# Planet LV4-26 reached 4000 light years!



## Agnès E.

Jean-Michel, pour le coup
Je reviens à mes déplorables moeurs
Tu vois, on me laisse la bride sur le cou
Et voilà que, la main sur le coeur,
Je commets un bout piteux mais rimé, parfois risqué,
Je ne peux pas résister
Pour un postiversaire
Interstellaire
A l'attraction interplanétaire !

JOYEUX POSTIVERSAIRE !​


----------



## mickaël

Désolé, je n'ai pas les talents de poètes d'Agnès E., mais Joyeux postiversaire quand même, merci pour les fois où tu m'as aidé, et pour tous ces autres messages très très souvent très intéressants.  


Quand on a un tel post-âge (???), une bougie et une petite part de gateau suffisent.  

http://us.greet1.yimg.com/img.greetings.yahoo.com/g/img/drom/487g.gif


----------



## geve

Jean-Michel ! Félicitations à toi que j'imagine toujours avec un sourire malicieux espiègle bonhomme facétieux polisson... rhaaa, je ne trouve pas le mot juste ! Je vais aller ouvrir un fil à ce sujet 

Hélas, je crains que mon esprit tordu n'ajoute désormais à cette image mentale, les récentes révélations sur ta pilosité des années 70  Pardon.  

En cadeau, le pesant de cacahuètes que vaut chacun de tes posts.


----------



## cuchuflete

Thank you Jean-Michel!

Seeing your name under a new thread is an absolute guarantee that there will be interesting conversation ahead.  Visits from LV4-26 make it fun to be an Earthling.

Congratulations,
cuchu
​


----------



## timpeac

Il doit être très élevé, cet LV, sinon ce ne serait jamais qu'un autre des astres !
Félicitations et merci, Jean-Mi

Tim


----------



## jimreilly

Félicitations, LV4-26, d'un musicien à un autre!


----------



## maxiogee

Congratulations LV4(thousand)!


----------



## Lancel0t

Congratulations!


----------



## french4beth

Joyeux postiversaire, LV-426! 

You must be approaching warp speed, by now!​ 
Always a pleasure to have a visitor from the Zeta II Reticuli system!​ 
Keep an eye out for the Xenomorph - for where would we be without you?​ 

Best regards,
Beth​


----------



## KaRiNe_Fr

4000 seulement ? Je savais que tu t'économisais... 
Comment veux-tu arriver à destination à cette vitesse ?
Peut-être ne sais-tu pas bien utiliser tous tes "instruments" dans ton engin ? 

Bon, sache seulement que je les ai retrouvés ! 
Et voilà dans le même esprit, une petite salutation de tes posts toujours appréciés (mais il "en" faut 6, donc seul un type comme toi pourrait "les" mettre tous à la fois). 

Hé, tu as demandé au Monsieur des Céréales si c'était pas possible, seulement pour toi, hein, et aussi pour l'Amour de la Vérité, de changer la position (vous avez eu peur là ?) de ton tiret ?  

On pourrait fêter ça ensuite ?
Pour finir, une petite chanson (autorisée) qui vaut bien ta dernière référence musicale née dans la rue ... !


----------



## LV4-26

*Agnès*, je suis extrêmement flatté que tu aies replongé la plume dans l'encrier rien que pour moi.

* mickaël*, en général, je suis pour que l'on mette le nombre exact de bougies sur le gâteau mais je comprends que tu aies reculé, même si vous êtes tous des Hérault, dans le 34. (j'ai très honte, tout d'un coup ).

* geve*, merci pour le cadeau.

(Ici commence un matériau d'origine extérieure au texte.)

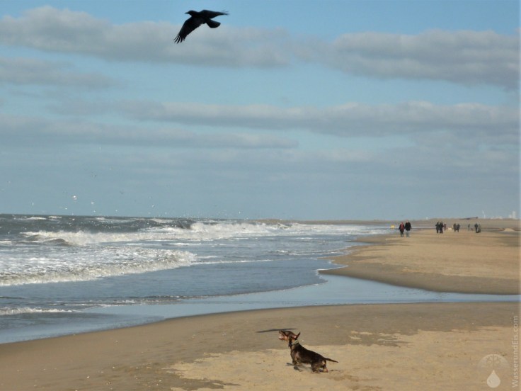 Wie auch immer, während wir die Seeluft und das Rausschen des Meeres genießen, läuft unser Hund zur Hochform auf. Der Vierbeiner ist zum ersten Mal in seinem Leben am Meer. So viel Sand auf einem Haufen, dass hat er sich sicherlich bis dato nicht vorstellen können. Ein Untergrund der zum laufen, ja zum rennen anregt. Sand unter den vier Beinen macht Munter – auch 10 Jahre später nach unzähigen Strandbesuchen. Doch auch das auf und ab der Wellen hat es ihm angetan, die schaumigen Kronen lassen sich prima jagen – allerdings auf schwer erlegen.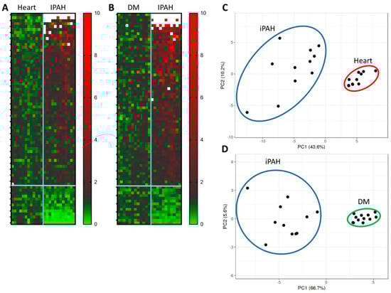 Metabolic profiling of plasma of pulmonary arterial hypertension (PAH) patients (n = 11), and comparison with diabetes mellitus (DM; n = 12) and left heart disease (heart; n = 11) patients. Our data indicate significantly (p < 0.05) altered metabolites in PAH vs. heart and PAH vs. DM analysis. (A,B) Heat maps and (C,D) principal component analysis (PCA) show the clustering of the PAH group that could differentiate PAH patients from DM and heart by circulating metabolites. Ellipses indicate the area of a 0.95 probability that the metabolic profiling of the patient from the same group will be inside an ellipse.

Ce tu ignores sans doute, c'est que je suis tout à fait capable de manger tout ça. 

* Cuchu*, you're never very far when I have a question in the EO forum and always come up with an helpful, friendly and witty answer. And that's from the very first question I asked here. Thanks for that.

* Tim*, Ouaoh ! Le calembour en français n'a plus aucun secret pour toi. J'applaudis des deux mains et pas seulement parce que je suis bien LV.

* jmreilly*, merci beaucoup. On dirait que nous avons aussi des initiales en commun (pas LV mais JM).

Thanks a ton, *Tony*. And, by the way, don't believe what they say : this is a (goddam) robot. But it isn't me.

* LancelOt*. Thanks very much for participating to my birthday party even though we don't meet a lot in the forums. I found this, I assume it's yours. 

* Beth*, I'm amazed by your knowledge of my universe. Come and visit me one day. It's the fourth one on the left, then the second on the right, then straight on, then....well, then, you'll sure find some helpful creature to give you directions. 

* KaRiNe*, ah KaRiNe...je n'aurai que trois mots : celui-ci, celui-ci et celui-ci


----------



## emma42

Félicitations LV4-26.  I enjoy your intelligent posts.


----------



## la reine victoria

Congratulations Jean-Michel!​ 
I've got my local playgroup
to play a tune for you.​ 
 
click me!


​
*Thank you for* *4000 *posts.



LRV​


----------



## zaby

Félicitations Jean-Michel !

Merci pour ces 1000 nouvelles étoiles dans la galaxie Wordreference


----------



## anangelaway

_Félicitations Jean-Michel. C'est un plaisir de te lire, merci !_  
Cacahuètes enrobées de chocolat ? Tu ne peux pas dire non...


----------



## LV4-26

Hello *emma*, nice to hear that from some one whose posts and general tone I particularly value. How's "the hood"?

Thanks a lot, *Vic*, I like your local band. They sound good. I think they should try and make a living out of their music. Who knows?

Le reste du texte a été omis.